This profile has multiple dimensions and is applied as a unit. Dimensions can interact — a capability can be required only because of a sibling read-only/tmpfs recommendation — so where they do, the minimum was derived under the sibling dimension's context. See the criteria doc and each dimension's recorded invocation below before applying them separately.

Dimension: capabilities

cap_drop: ALL + cap_add: DAC_OVERRIDE, SETGID, SETUID, SYS_PTRACE

toolcontainer-sec-derive 0.7.0
observerdrop-test
validated imagedocker.io/netdata/netdata@sha256:bcc822ec685d…
validated date2026-07-04
confidencemoderate
validated viadrop-test, ci-smoke
workloadprofiles/workloads/netdata.sh
workload sha256ba6ae07c95ee…
ig versionv0.51.0

Feature coverage (ledger)

A drop-test proves the minimum for what the workload exercised.

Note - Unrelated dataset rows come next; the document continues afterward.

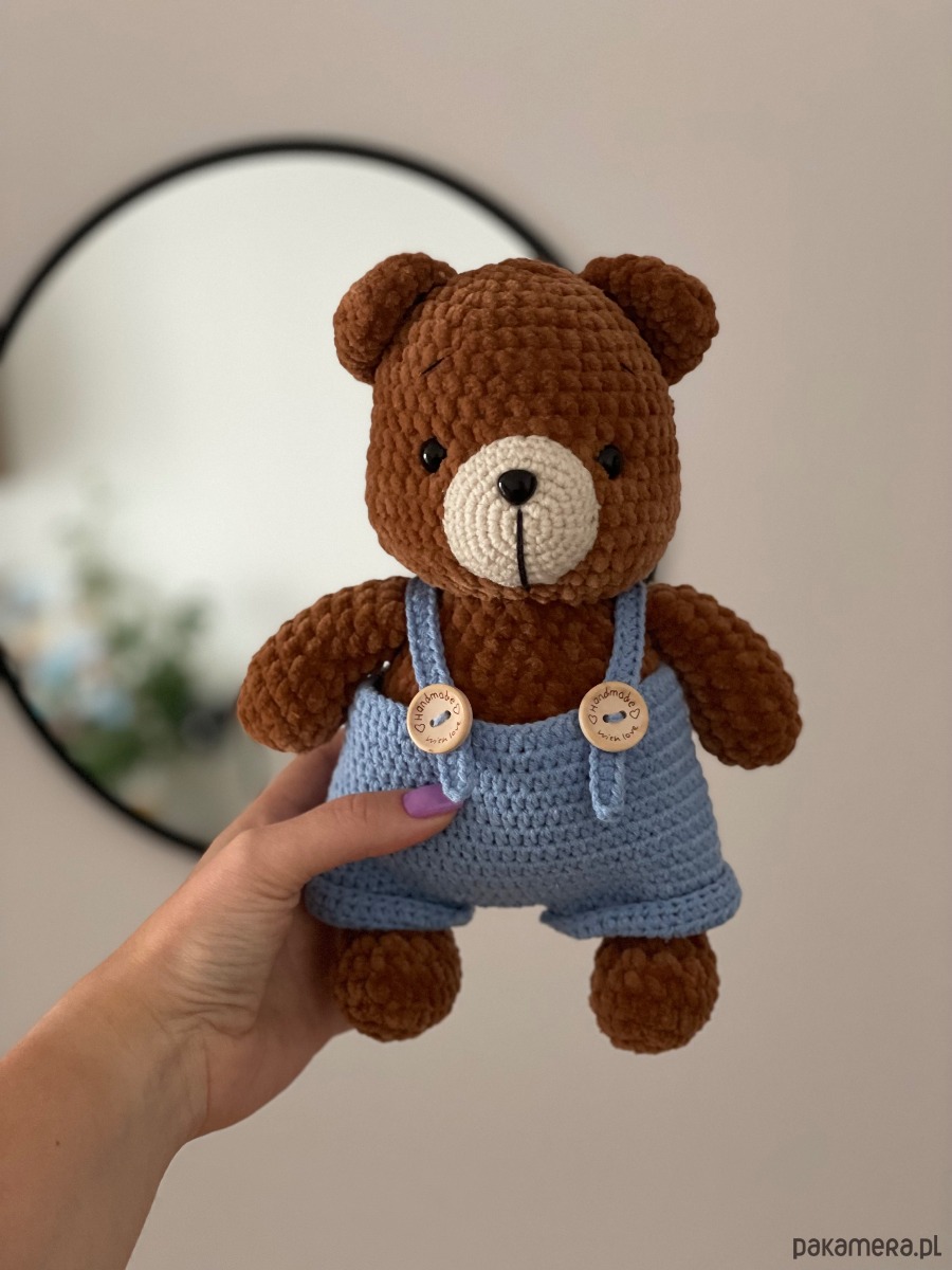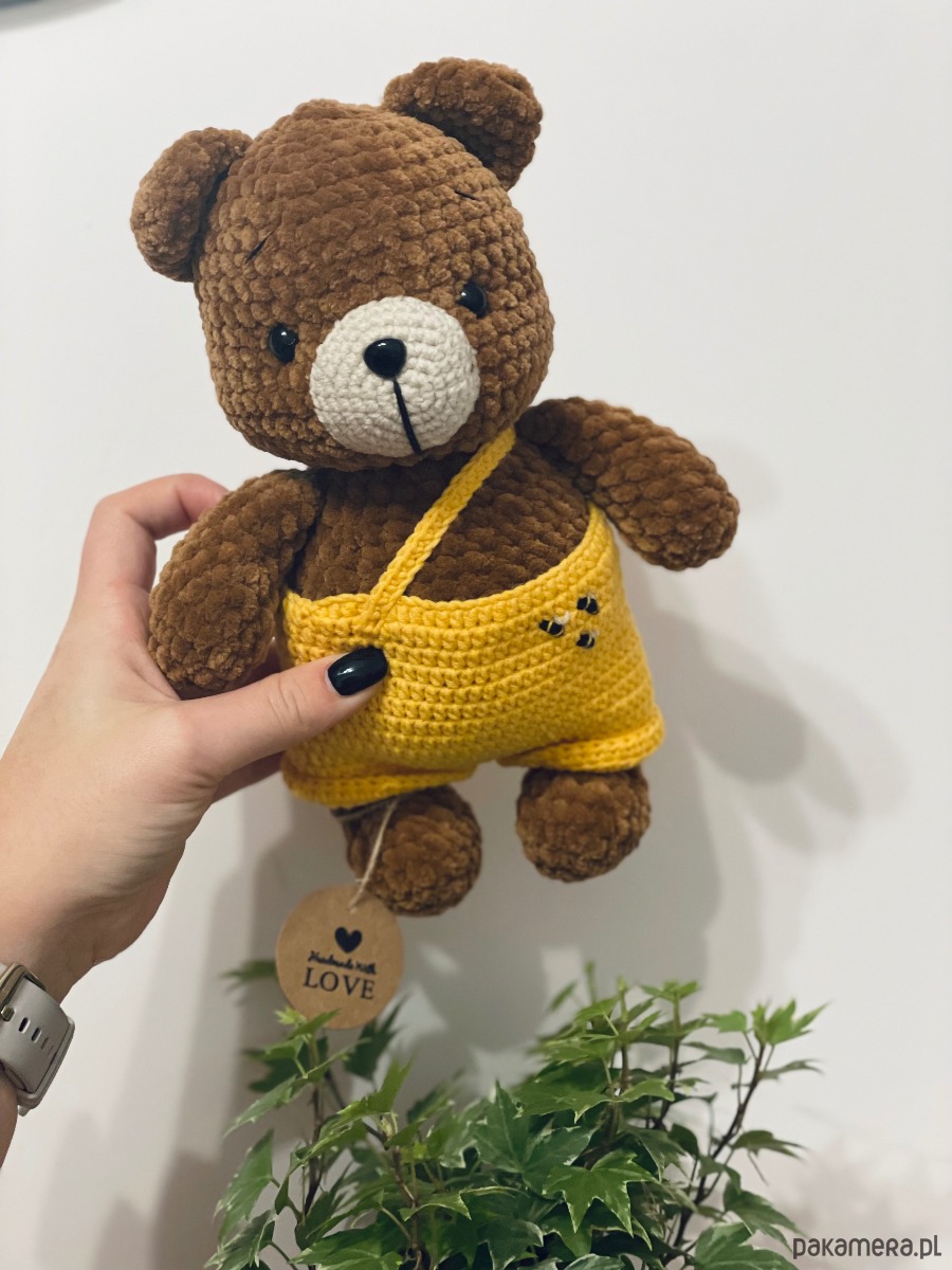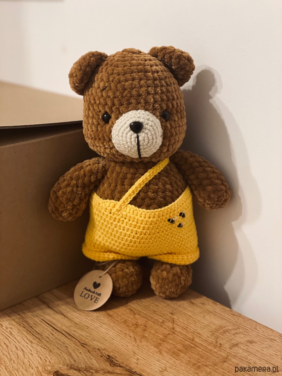 Piękny pluszowy mis, wykonany ręcznie na szydełku z bardzo milej w dotyku włóczki (Himalaya Dolphin Baby). Miś ma kolorowe gatki, kolor do ustalenia. Zabawka posiada bezpieczne oczka, wypełnienie kulka silikonowa. Wysokosc misia ~24cm.
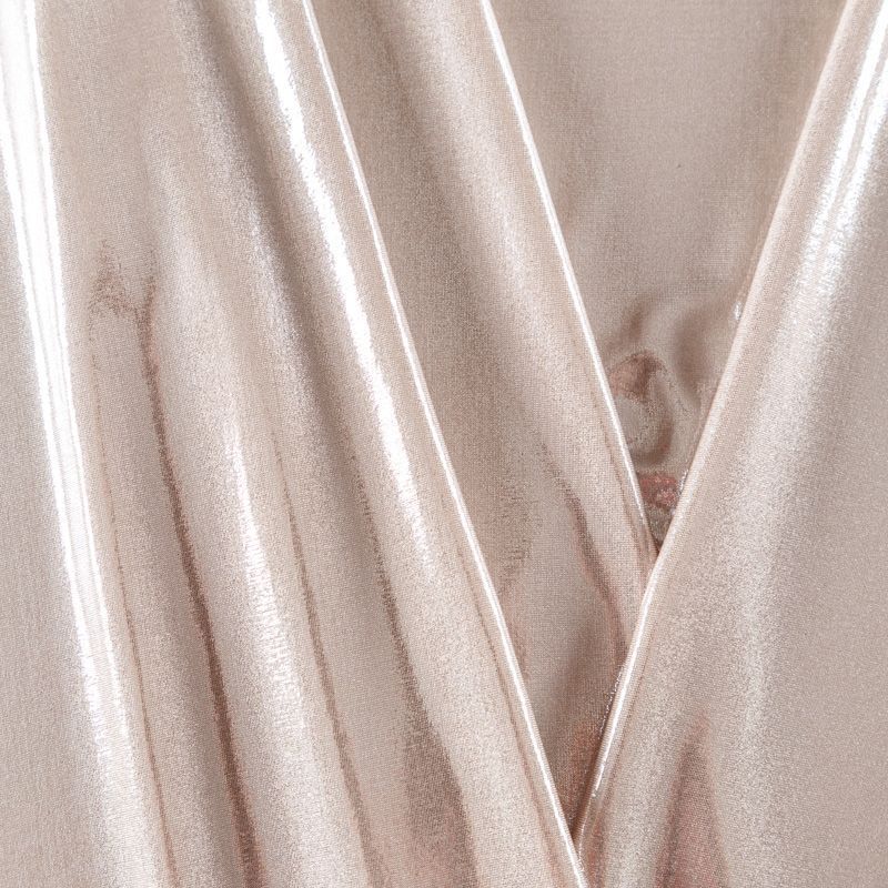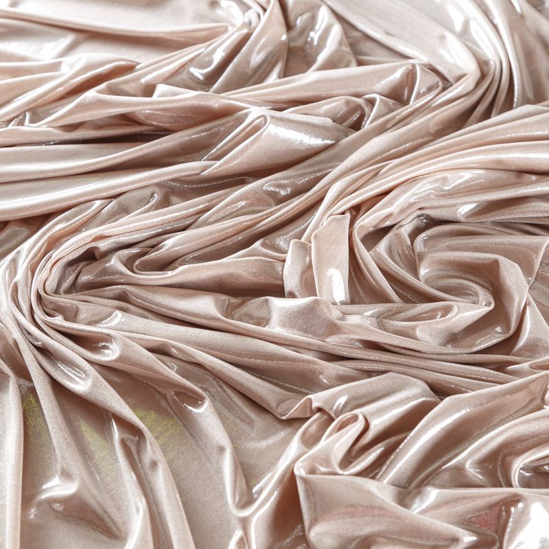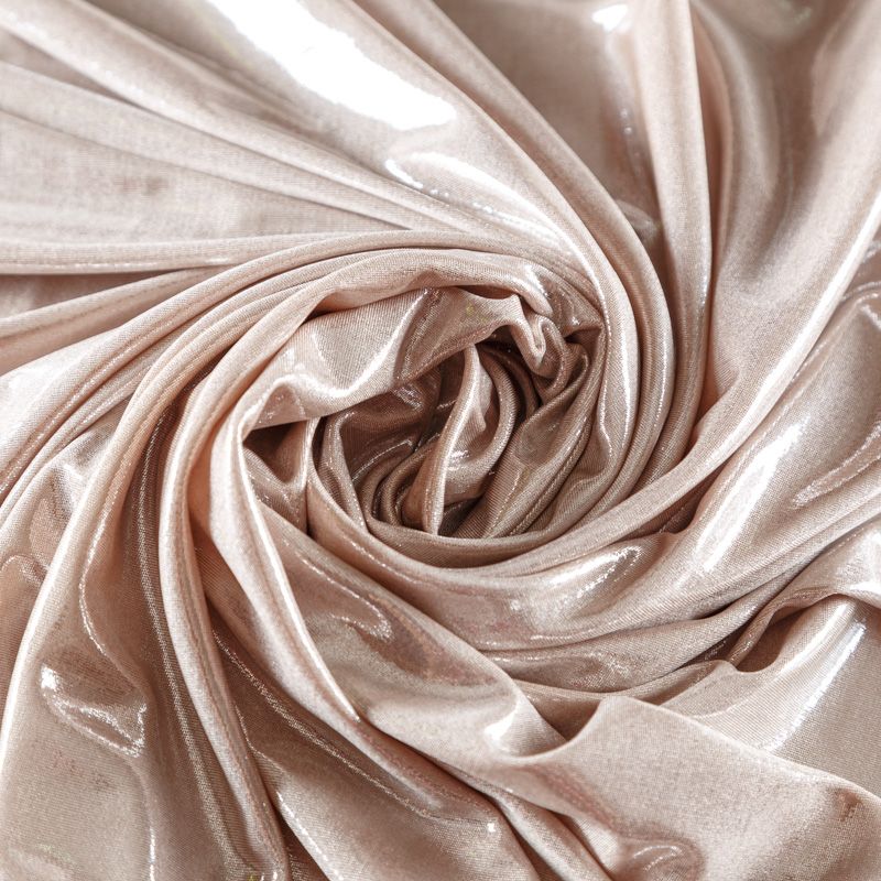 Эффектное трикотажное полотно с мерцающим напылением. Материал очень пластичный, образует струящиеся мягкие складки, отлично тянется, не просвечивает, не мнется. Изнаночная сторона матовая, приятная на ощупь. Идеальный выбор для нарядных платьев, топов, маек, гимнастических и танцевальных костюмов.
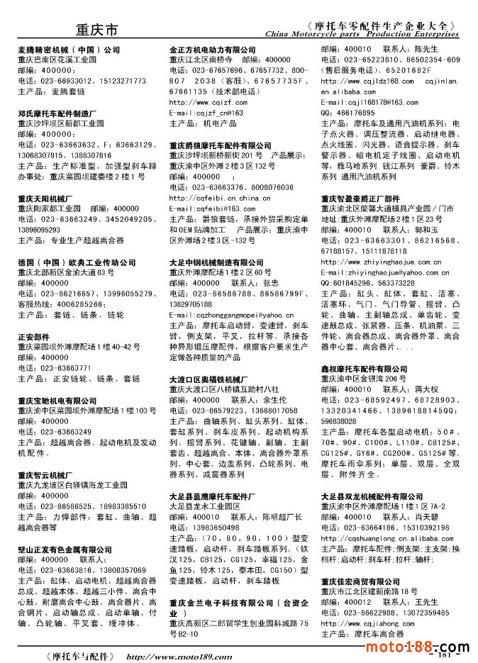 2010版摩托車配件生產(chǎn)企業(yè)大全
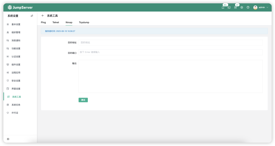 在JumpServer v3.6.0版本中,选择“系统设置”→“系统工具”,新增Nmap(端口扫描)和TCPDUMP(网络数据采集分析)工具,管理员可以在Web页面上进行简单的工具操作,便于排查堡垒机相关问题。
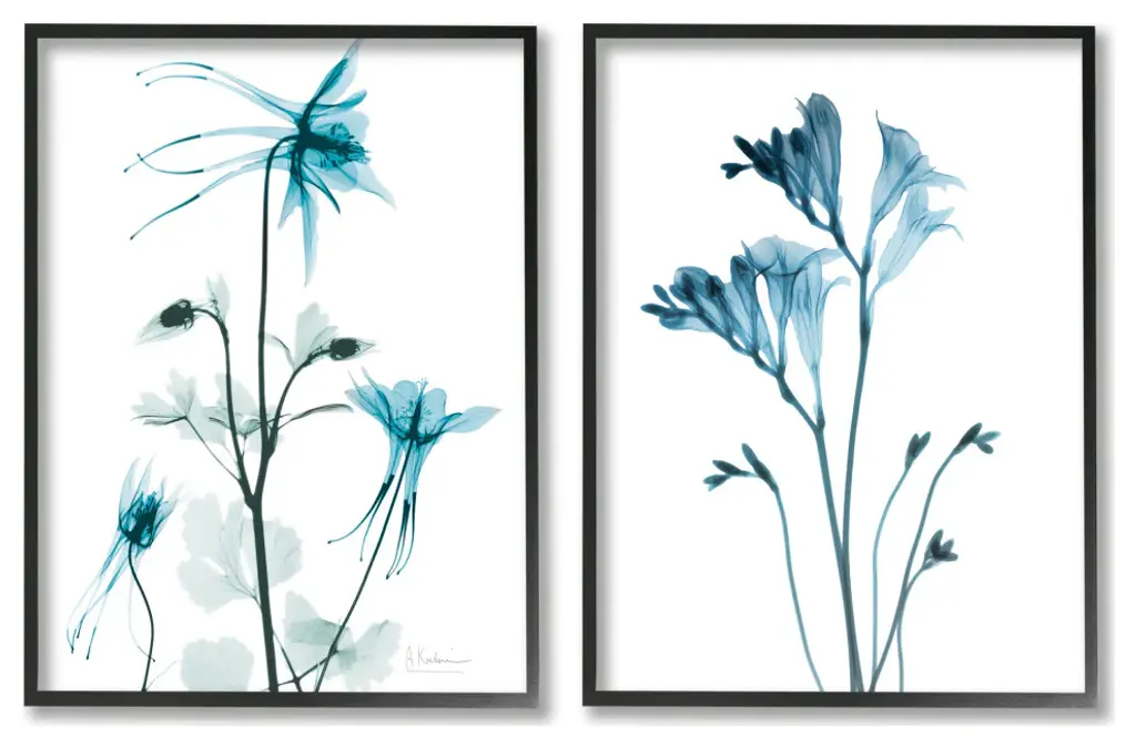 Beautiful Minimalist Blue Flower Plant Stem Photograph, 2Pc, Each 16 X 20
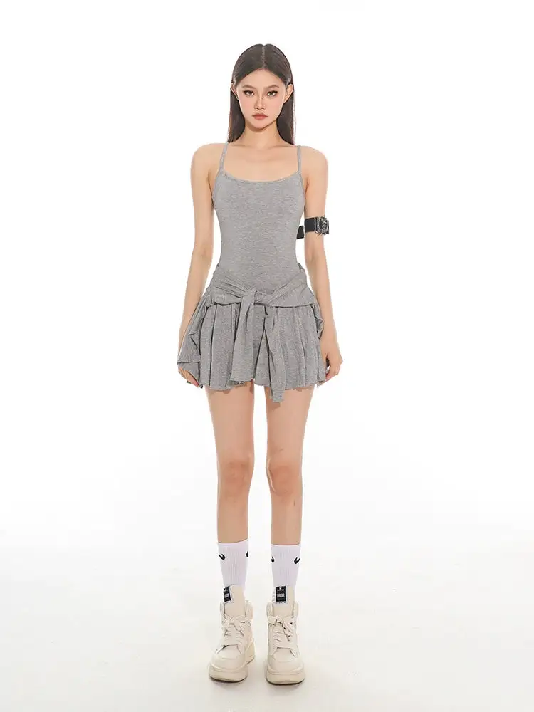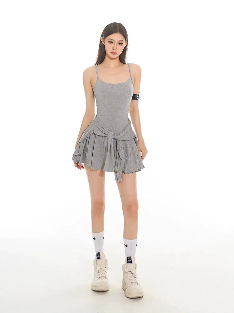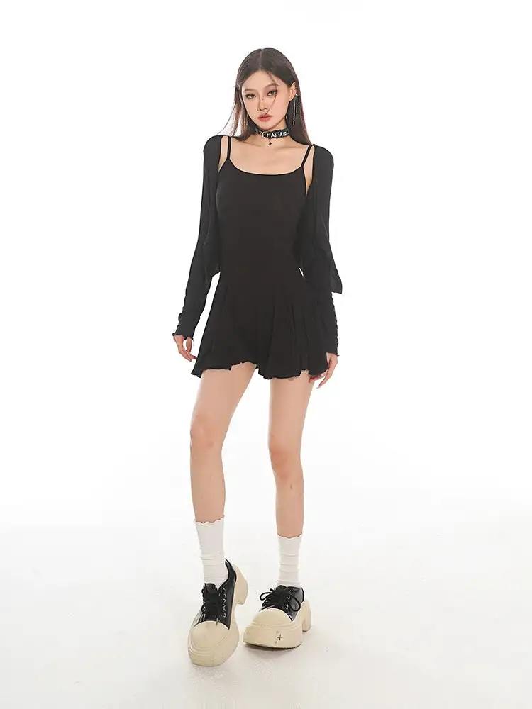 Made from soft, quality fabric, the set features a sleeveless crop top and high-waisted pleated shorts, complemented by a lightweight fitted cardigan that adds a touch of elegance to this casual look. The retro-inspired design and slim fit silhouette combine fashion with function, creating a versatile outfit that's easy to style.

Privilege-relevant features it did not drive are listed honestly — using one may need more than this minimum.

featureevidence / reason
drivenhost + per-process monitoring (apps.plugin /proc io/fd metrics)the correctness check requires a per-process fds_open chart to be NON-ZERO (dropping SYS_PTRACE zeroes it)
drivenper-container network-interface metrics (cgroup-network)verified on the live deploy: collects via the host-side veth fallback under the derived set (SYS_ADMIN's setns path fails once, non-fatally)
not driveneBPF collectors (ebpf.plugin)the image ships no ebpf.plugin, so nothing gates on it (ebpf=yes is a no-op); a custom build with the plugin would need re-derivation
not drivendocker.sock-based collectors (container names/state)socket access is a group grant, not a capability, so it cannot move this dimension; per-process docker metrics come via /proc + SYS_PTRACE
not drivenremaining optional collector surfacenot exhaustively driven — the reason this dimension's coverage grades partial (ADR-018); no known collector requires a cap outside the derived set

Drop-test evidence

Each candidate removed in turn, the container restarted, and the workload re-verified.

RemovedVerdictObserved
SYS_PTRACErequiredper-process metrics all zero — apps.plugin can't read /proc/<pid>/fd (SYS_PTRACE gap)
SYS_ADMINremovablecorrect: ready, daemon uid=201, per-process metrics collecting non-zero (app.dockerd_fds_open)
DAC_OVERRIDErequirednot ready (status=exited): API/apps.plugin not up
CHOWNremovablecorrect: ready, daemon uid=201, per-process metrics collecting non-zero (app.dockerd_fds_open)
FOWNERremovablecorrect: ready, daemon uid=201, per-process metrics collecting non-zero (app.dockerd_fds_open)
SETUIDrequireddaemon running as ROOT (privilege drop failed)
SETGIDrequireddaemon running as ROOT (privilege drop failed)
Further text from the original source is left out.